::: Study material

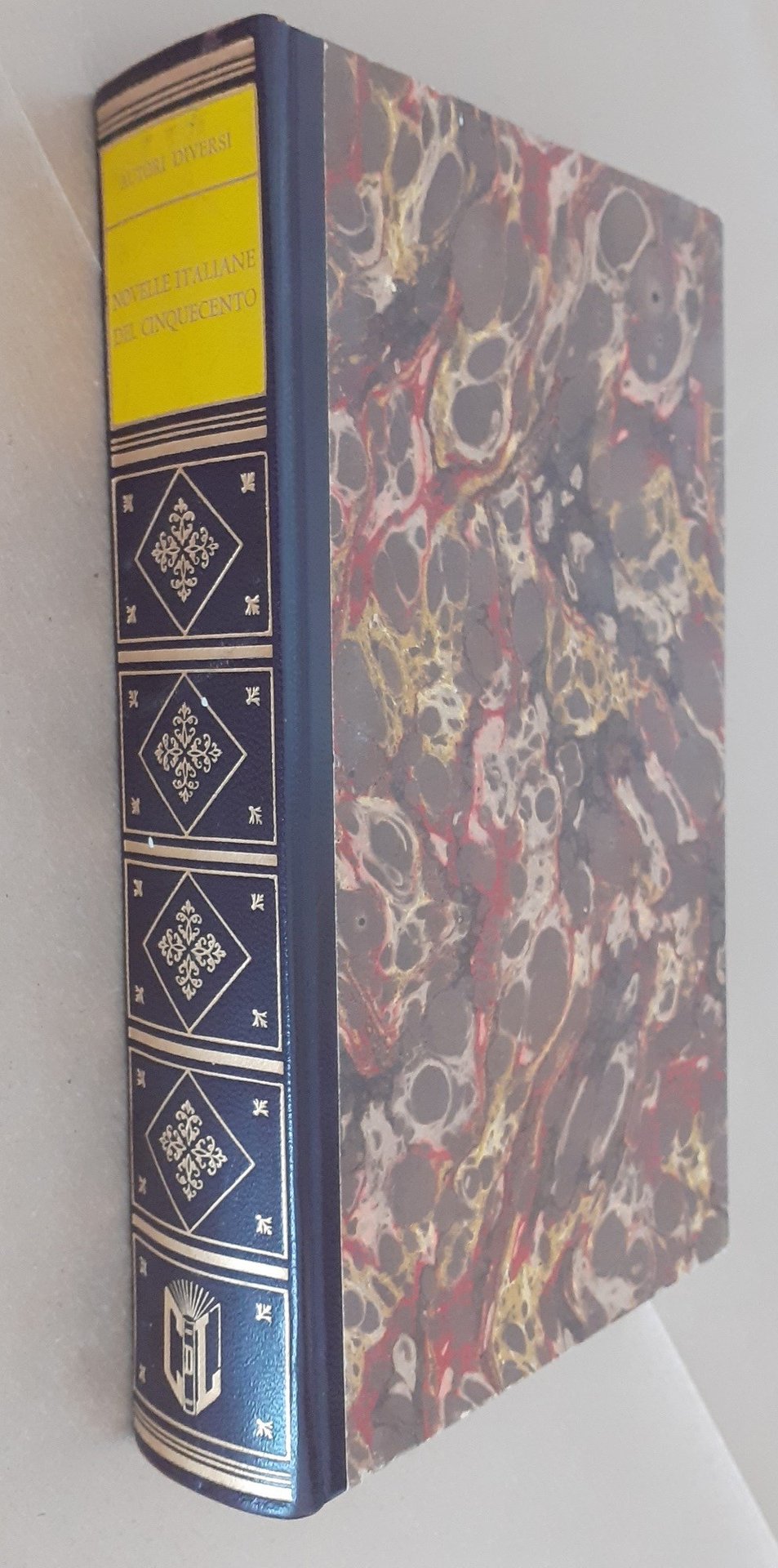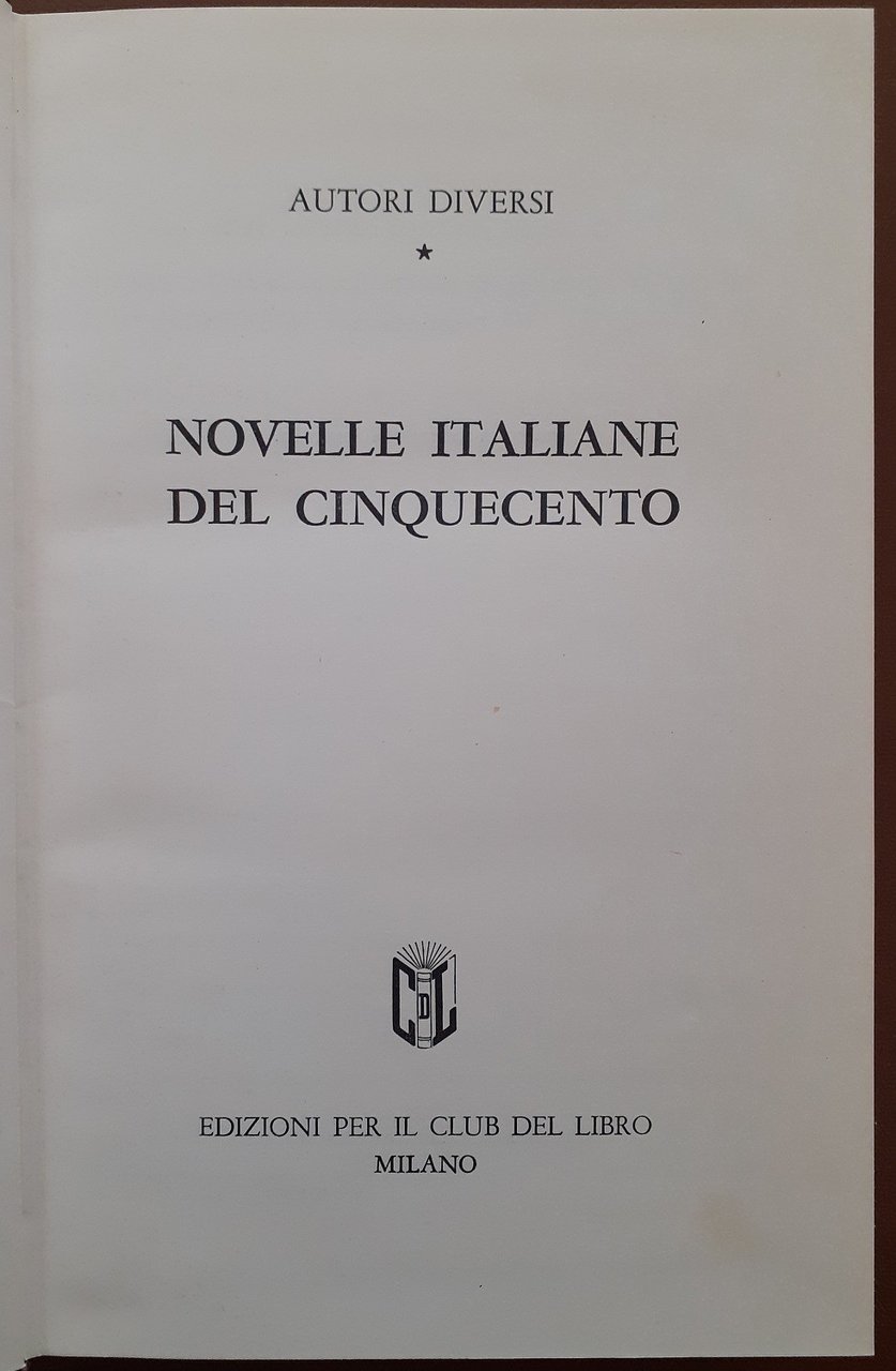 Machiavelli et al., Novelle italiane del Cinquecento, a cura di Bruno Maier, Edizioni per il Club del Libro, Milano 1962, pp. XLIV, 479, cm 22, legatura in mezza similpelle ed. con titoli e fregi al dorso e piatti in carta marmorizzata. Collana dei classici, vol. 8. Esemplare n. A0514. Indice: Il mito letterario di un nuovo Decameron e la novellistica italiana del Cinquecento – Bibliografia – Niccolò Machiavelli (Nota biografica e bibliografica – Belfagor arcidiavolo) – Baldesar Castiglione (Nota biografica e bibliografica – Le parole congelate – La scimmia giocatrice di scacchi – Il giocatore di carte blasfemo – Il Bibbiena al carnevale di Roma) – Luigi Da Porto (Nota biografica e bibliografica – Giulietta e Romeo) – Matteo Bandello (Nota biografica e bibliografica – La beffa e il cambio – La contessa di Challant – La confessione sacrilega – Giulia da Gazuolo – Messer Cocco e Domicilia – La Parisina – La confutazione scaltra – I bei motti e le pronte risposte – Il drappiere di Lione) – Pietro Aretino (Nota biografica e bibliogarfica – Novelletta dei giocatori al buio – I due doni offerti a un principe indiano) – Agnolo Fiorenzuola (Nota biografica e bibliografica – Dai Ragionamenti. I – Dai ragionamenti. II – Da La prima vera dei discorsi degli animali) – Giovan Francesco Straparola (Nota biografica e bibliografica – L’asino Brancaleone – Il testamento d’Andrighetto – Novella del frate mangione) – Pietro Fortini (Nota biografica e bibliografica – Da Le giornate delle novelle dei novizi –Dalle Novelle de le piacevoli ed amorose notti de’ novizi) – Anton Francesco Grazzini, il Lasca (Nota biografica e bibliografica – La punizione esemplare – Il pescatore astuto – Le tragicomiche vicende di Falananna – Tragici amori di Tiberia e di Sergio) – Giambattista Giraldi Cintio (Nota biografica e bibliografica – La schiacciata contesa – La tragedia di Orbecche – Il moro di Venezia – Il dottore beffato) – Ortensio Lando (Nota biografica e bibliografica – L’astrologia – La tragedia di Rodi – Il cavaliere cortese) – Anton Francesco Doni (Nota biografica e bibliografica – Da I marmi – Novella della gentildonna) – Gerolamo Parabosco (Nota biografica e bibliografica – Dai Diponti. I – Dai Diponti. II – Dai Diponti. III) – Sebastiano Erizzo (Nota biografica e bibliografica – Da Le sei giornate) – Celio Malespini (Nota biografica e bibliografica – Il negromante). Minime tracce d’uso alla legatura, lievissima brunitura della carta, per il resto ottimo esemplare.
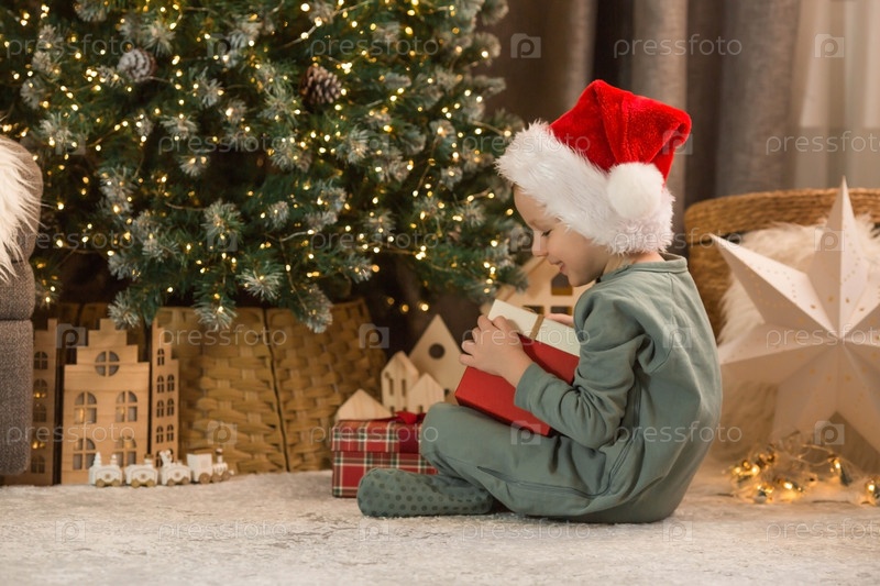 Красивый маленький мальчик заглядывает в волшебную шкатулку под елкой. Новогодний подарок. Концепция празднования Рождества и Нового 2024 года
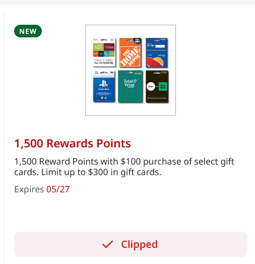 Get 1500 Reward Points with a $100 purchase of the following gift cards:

::::::
::: Study material

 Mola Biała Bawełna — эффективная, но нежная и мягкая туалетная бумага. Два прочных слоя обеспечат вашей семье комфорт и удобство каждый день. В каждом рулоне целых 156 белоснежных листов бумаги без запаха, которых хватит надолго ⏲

::::::

» **Exercise brief**:
When you reach the line holding "Красивый маленький мальчик" in the listing above, begin retyping exactly, and stop once the line holding "Get 1500 Reward" is done; pictures stay out.

» **Exercise response**:
 Красивый маленький мальчик заглядывает в волшебную шкатулку под елкой. Новогодний подарок. Концепция празднования Рождества и Нового 2024 года
 Get 1500 Reward Points with a $100 purchase of the following gift cards:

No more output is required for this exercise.